Лиза сделала выразительный жест, символично похлопав себя ладонями по щекам. Александра поморщилась:
— Только не говорите мне, что она вас бьет! Такую взрослую самостоятельную девушку?!
— Я, конечно, могла бы сопротивляться, — вздохнула Лиза, — но ее это как-то успокаивает…
— Пощечины?!
— Ну да. Она сначала сорвет злость, а потом просит прощения, становится такая ласковая. Лучше уж позволить ей это, чем целую неделю терпеть нытье и придирки. С ней просто надо уметь ладить… Но жить вместе, конечно, было очень тяжело!
Все это Лиза рассказывала невозмутимо, легким тоном человека, который не видит в своих словах ровным счетом ничего особенного. Александра была вне себя. Ей припомнилась нелестная характеристика, которую дал бывшей супруге Лыгина Олег. «Гарантированный инфаркт…»
А Лиза внезапно вернулась к рассказу о поездке на дачу.
— Дверь была заперта, как я ее и оставила. Я вошла в кухню, осмотрелась, прислушалась. В доме тихо, свет везде погашен. Все, как в первый раз. Кроме этого кошмарного ощущения, что за мной следят. Я даже не решилась включить свет. Фонарь светил сквозь занавески, все можно было разглядеть. Потом поднялась в мансарду. А вот там я уже стояла в кромешной темноте — окно ведь наглухо закрыто одеялами. Какие-то дурацкие мысли в голове крутились: «Если зажгу свет, сразу станет ясно, что я в доме!» Кому станет ясно? Я не знала…
Лиза вздрогнула всем телом и с мольбой заглянула в глаза Александре:
— Но вы-то меня сумасшедшей не считаете? Вы верите, что можно кожей чувствовать опасность?
— Очень верю, — убежденно ответила художница. — Я вообще поражаюсь вашей смелости. Вернуться туда после того, что я вам рассказала по телефону…

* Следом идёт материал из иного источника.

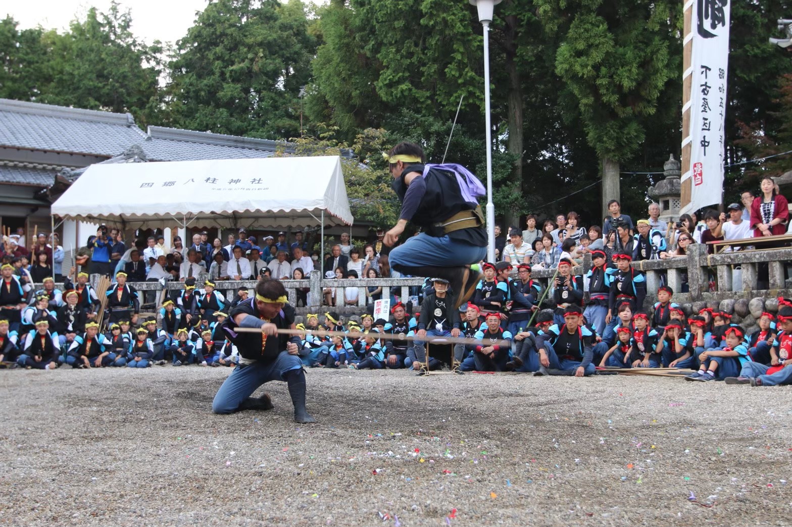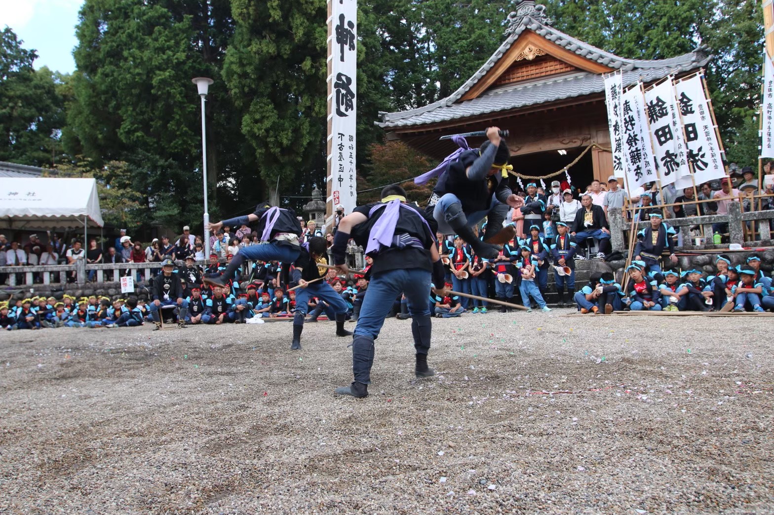 時代を経て武術の技は神社、仏閣に奉納する演技、見せる演技に変化し、全国でも珍しい農民武芸として伝わっています。

— Но я потому и поехала на дачу снова. — Лиза искренне ее не поняла. — Ведь это нельзя было так бросить… А если с папой что-то случилось? И когда я наконец зажгла лампу, сразу убедилась, что так оно и есть! Понимаете, я весь день крутила в голове наш с вами разговор. Сопоставляла то, что вы видели ночью, и то, что я застала утром. Я говорила себе, что мы обе могли ошибаться. Вы могли убежать ночью из дома, захлопнуть дверь, она защелкнулась на один замок… А мне утром показалось, что я отпирала не один замок, а оба. Такие мелочи ведь забываются… Вы могли не заметить ночью телефона на столе. Так же как я не заметила утром горящего фонаря на улице. Но настольная лампа! Вы утверждали, что она была включена. Когда я утром вошла в комнату, солнце било прямо в окно, и, даже несмотря на эти одеяла, можно было все рассмотреть. И я не включала тогда лампу. Не проверяла, работает она или нет. А лампочка ведь просто могла перегореть! Я могла видеть утром ВКЛЮЧЕННУЮ лампу с перегоревшей лампочкой.
…Пройдя через темную комнату, девушка на ощупь нашла письменный стол, нашарила провод, тянувшийся от лампы, и нащупала на нем пластиковый переключатель. Стоило сдвинуть рычажок, как тут же мягко осветился розовый шелковый абажур…
— В комнате стало светло, а в душе у меня целая буря поднялась. Значит, поняла я, в доме кто-то побывал — между вами и мною. Выключил лампу, положил телефон, запер дверь на оба замка. И вы не лгали мне… И я сама ничего не перепутала утром.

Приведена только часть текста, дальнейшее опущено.